RECORDS FOR THIS TASK ->
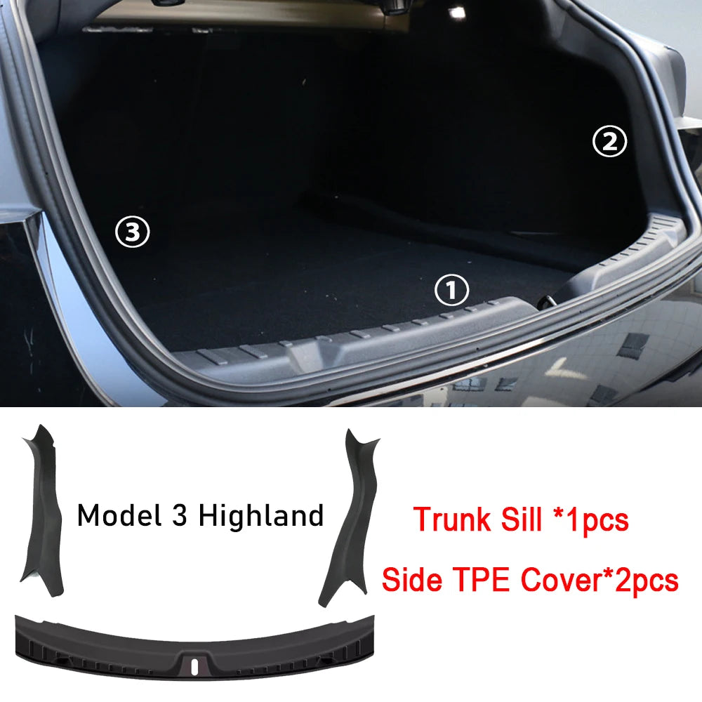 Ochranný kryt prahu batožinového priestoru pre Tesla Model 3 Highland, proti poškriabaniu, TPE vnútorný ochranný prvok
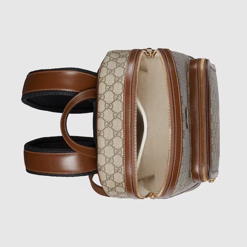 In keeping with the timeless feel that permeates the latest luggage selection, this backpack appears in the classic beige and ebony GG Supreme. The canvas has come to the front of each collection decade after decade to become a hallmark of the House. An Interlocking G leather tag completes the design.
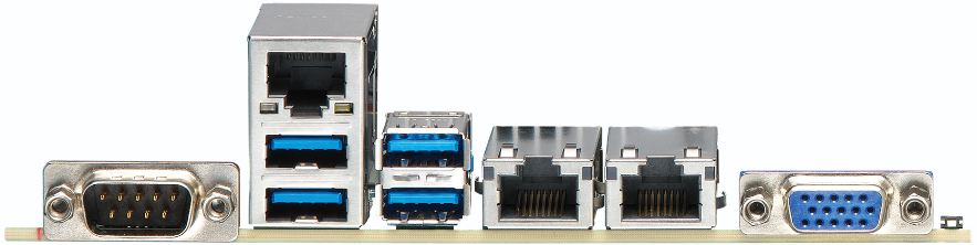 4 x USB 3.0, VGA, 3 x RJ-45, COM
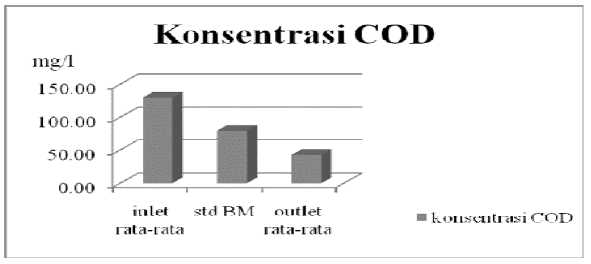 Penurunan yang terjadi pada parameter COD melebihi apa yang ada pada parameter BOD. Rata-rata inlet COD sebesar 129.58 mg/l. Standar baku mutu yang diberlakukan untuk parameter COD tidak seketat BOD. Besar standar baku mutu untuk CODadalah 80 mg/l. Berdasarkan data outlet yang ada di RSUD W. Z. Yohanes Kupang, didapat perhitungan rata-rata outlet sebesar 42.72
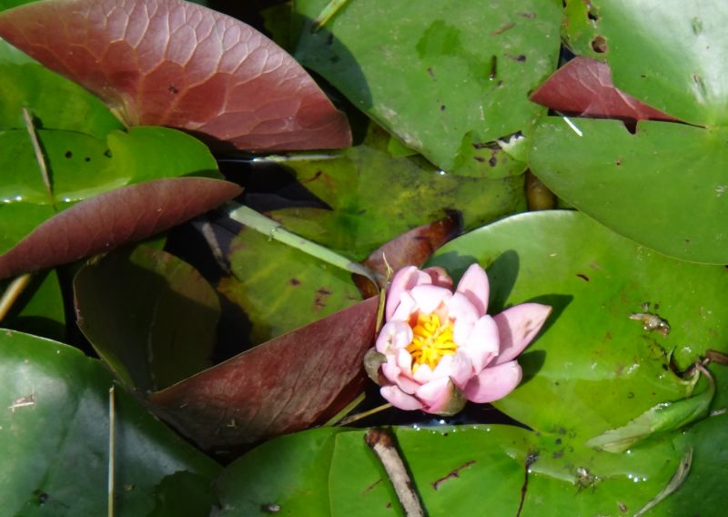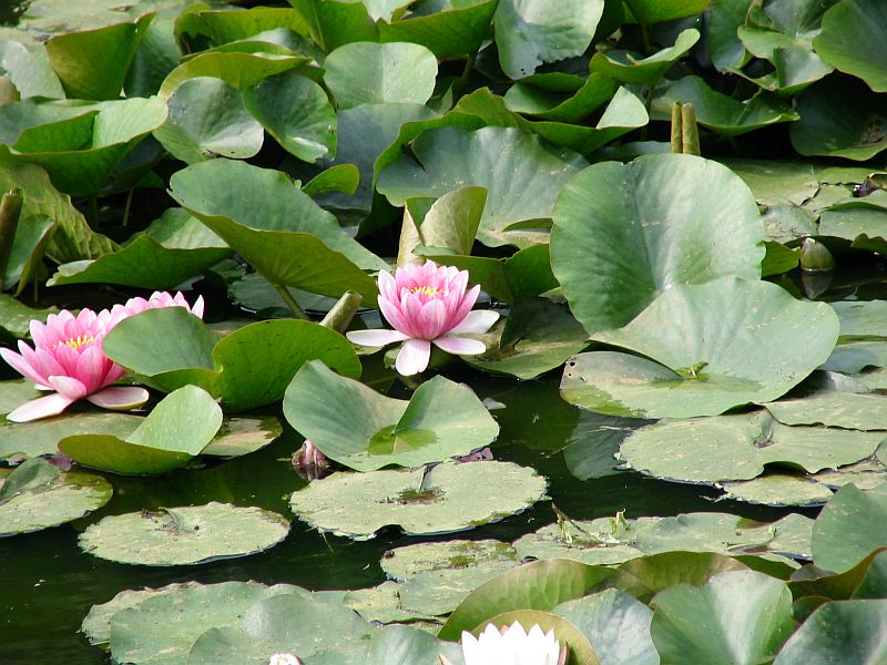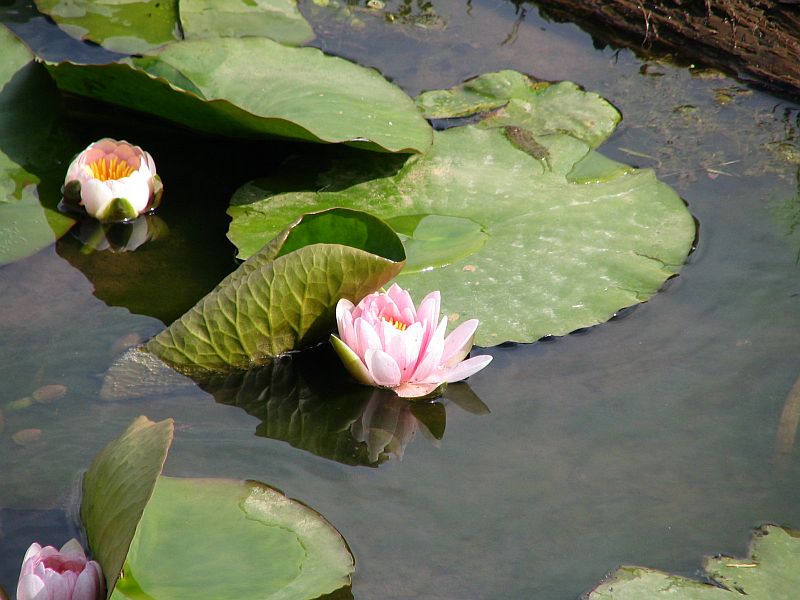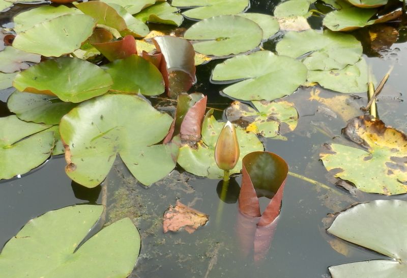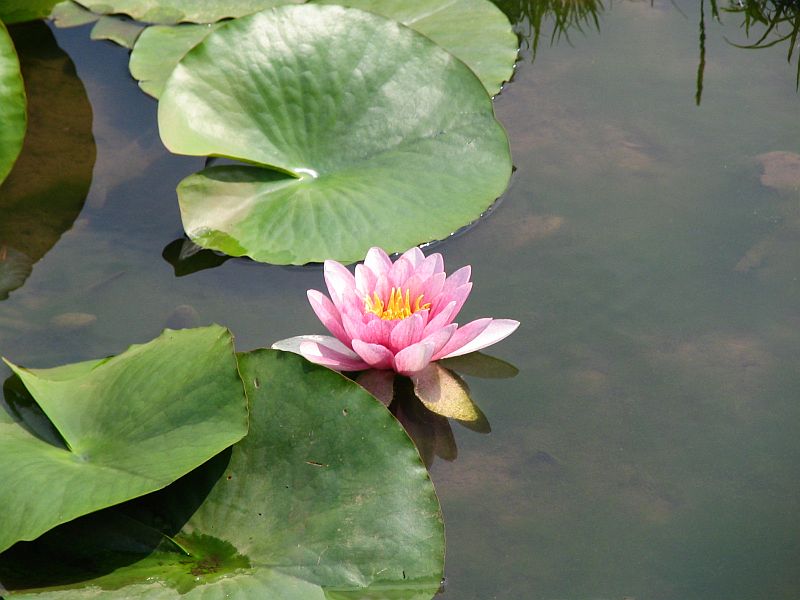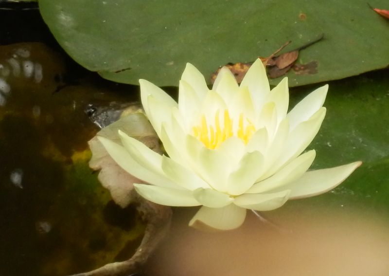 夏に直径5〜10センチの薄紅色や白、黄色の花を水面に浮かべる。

PROMPT ->
Give every line of the listing above again, exactly, with no images.

SOLUTION BELOW ->
 Ochranný kryt prahu batožinového priestoru pre Tesla Model 3 Highland, proti poškriabaniu, TPE vnútorný ochranný prvok
 In keeping with the timeless feel that permeates the latest luggage selection, this backpack appears in the classic beige and ebony GG Supreme. The canvas has come to the front of each collection decade after decade to become a hallmark of the House. An Interlocking G leather tag completes the design.
 4 x USB 3.0, VGA, 3 x RJ-45, COM
 Penurunan yang terjadi pada parameter COD melebihi apa yang ada pada parameter BOD. Rata-rata inlet COD sebesar 129.58 mg/l. Standar baku mutu yang diberlakukan untuk parameter COD tidak seketat BOD. Besar standar baku mutu untuk CODadalah 80 mg/l. Berdasarkan data outlet yang ada di RSUD W. Z. Yohanes Kupang, didapat perhitungan rata-rata outlet sebesar 42.72
 夏に直径5〜10センチの薄紅色や白、黄色の花を水面に浮かべる。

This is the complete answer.